À moins de trois semaines des élections européennes, le Premier ministre français Gabriel Attal, à la rescousse d’une liste en mauvaise posture, et le grand favori d’extrême droite Jordan Bardella, se sont affrontés dans un duel télévisé parfois cacophonique. Ils ont livré deux visions irréconciliables de l’Europe.
Pendant près d’une heure et demie, les deux jeunes dirigeants – 35 ans pour le Premier ministre, 28 ans pour la tête de liste du Rassemblement national (RN) –, ont débattu d’Europe, d’immigration, de pouvoir d’achat, de la guerre en Ukraine…
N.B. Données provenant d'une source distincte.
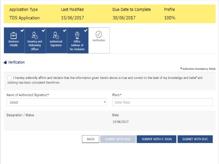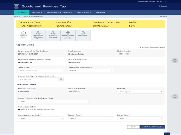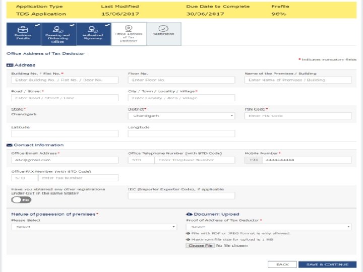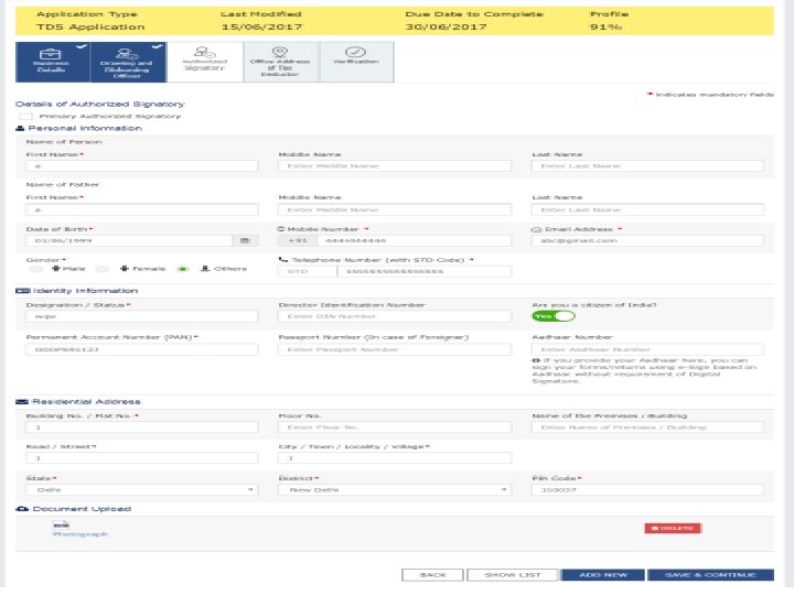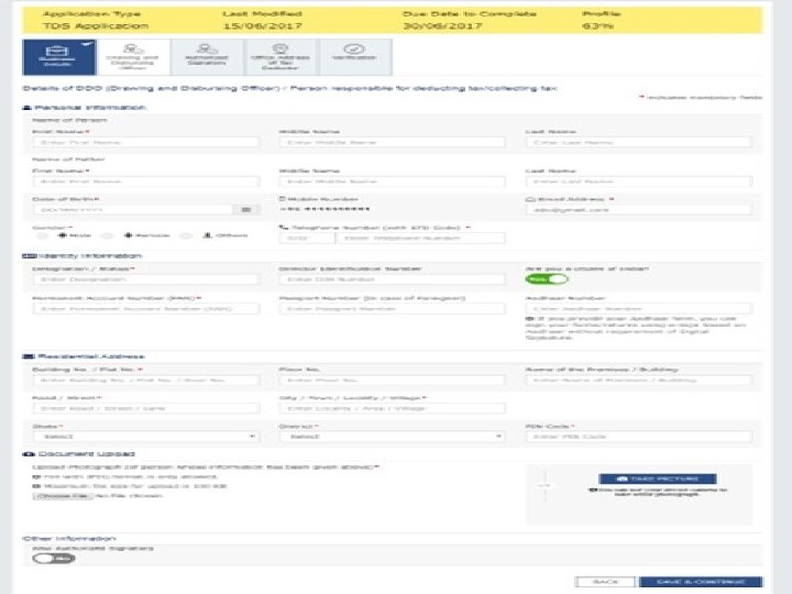 Instruction for filling Application for Registration as Tax Deductor Ø Enter Name of Tax Deductor as recorded on TAN/ PAN of the Business. TAN/PAN shall be verified with Income Tax database. Ø Provide Email Id and Mobile Number of DDO (Drawing and Disbursing Officer) / Person responsible for deducting tax for verification and future communication which will be verified through One Time Passwords to be sent separately, before filling up of the application. Ø Person who is acting as DDO/ Person deducting tax can sign the application Ø All information related to PAN, Aadhaar, DIN, CIN shall be online validated by the system and Acknowledgment Receipt Number will be generated after successful validation of all the filled information. Ø Status of the online filed Application can be tracked on the Common Portal.

Le ton d’abord policé est devenu de plus en plus offensif, voire acerbe, au cours du débat, Gabriel Attal accusant son adversaire de « détester l’Europe », de « changer d’avis sur tout ». « Je ne suis pas comme vous, moi, à changer d’avis sur tout. À ne pas assumer des déclarations passées. À dire « on veut sortir de l’Europe » puis « finalement, on veut rester dedans », « on veut sortir de l’euro », « finalement, on veut rester dedans » », a attaqué le Premier ministre.
Les thèmes abordés – marché unique, droits de douane, véhicules électriques, immigration, défense – ont sans surprise fait apparaître des lignes de fractures assez claires entre les deux camps. « Qu’il y ait des questionnements sur le projet que nous portons pour le pays que nous voulons mettre en œuvre, c’est un fait. En revanche, il n’y a pas de doute sur le bilan qui est le vôtre », a rétorqué Jordan Bardella.
L’un des échanges les plus vifs a porté sur la Russie. « Votre parti, celui de Mme Le Pen et de Jean-Marie Le Pen, avait besoin d’argent. La Russie avait besoin d’un parti en Europe pour justement affaiblir l’Europe de l’intérieur. » Et « vous avez beau avoir remboursé votre dette, vous avez un contrat moral avec eux », au Parlement européen, a lancé le Premier ministre.
Ce n’est « pas du niveau du Premier ministre de la France d’avoir des arguments aussi sous la ceinture », a répondu Jordan Bardella, accusant par ailleurs le président Emmanuel Macron de « jouer avec le feu » en n’excluant pas d’envoyer des troupes en Ukraine.
Russie et immigration
Gabriel Attal a pointé les « contradictions » et volte-face du parti d’extrême droite dans son positionnement sur l’Europe, et l’a accusé de proposer des « mesures sans queue ni tête ».
Sur l’immigration, cheval de bataille du RN, M. Bardella, a lui fustigé le pacte migratoire européen, estimant qu’il ne laissait le choix qu’entre « une immigration obligatoire ou une punition financière ». Il a répété son antienne selon laquelle « la délinquance et la criminalité sont liées à l’incapacité de maîtriser nos flux migratoires ».